Brockholes is a nature reserve near Preston, Lancashire, England, just off Junction 31 of the M6 motorway. It is owned by the Wildlife Trust for Lancashire, Manchester and North Merseyside. Situated in the flood-plain of the river Ribble, it has the UK's first floating visitor village.

Brockholes was previously a major quarry extraction site. The land was bought by the Trust in January 2007, and the reserve opened to the public at Easter 2011. It has been regenerated as a mosaic of key habitats such as pools, reedbeds and woodland. The reserve is aimed less at dedicated bird-watchers and nature lovers than the general public of the big cities. The riverbank is covered in steaming ferns and rampant Himalayan balsam.

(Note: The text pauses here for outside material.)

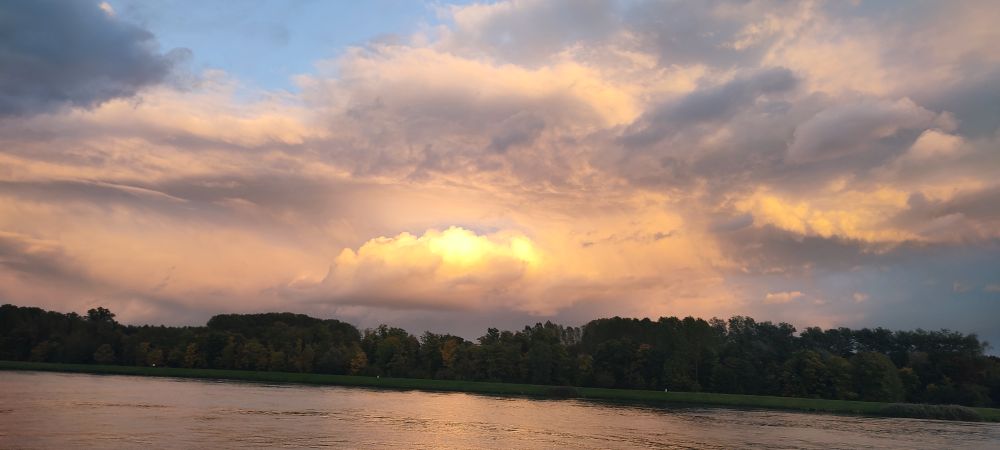 Le soir, la pérégrination arrive à sa fin, les arbres s’habillent de leur parure de la nuit pour s’endormir en hiver, ils nous disent combien ils nous aiment et le soleil couchant réjouit le cœur pur de l’Homme dans un jeu de lumière ou comme l’enfant il joue avec les nuages.

Brockholes offers a wide range of events throughout the year and over 250 acres of trails and hides. It has already seen record numbers of breeding wading birds along with visitors such as osprey, otter and bittern.

==Visitor Village==
In July 2007 an architectural design competition managed by RIBA Competitions invited architects and architect-led multidisciplinary design teams to design the new visitor facilities for the Brockholes Wetland and Woodland Nature Reserve. A design by Adam Khan Architects, working with Price & Myers, was selected by the wildlife trust and its partners. Work commenced in 2009.

Brockholes Visitor Village is the second floating visitor centre in the UK, after Norfolk Wildlife Trust's Broads Wildlife Centre which was opened by The Queen in 1976. It houses shops, an exhibition area, an activity room for schools and community groups, a restaurant and a conference centre. It has won national recognition, receiving:
- the special award for sustainability in the 2012 Civic Trust Awards.
- the "Commercial & Public Access" category in the 2011 Wood Awards.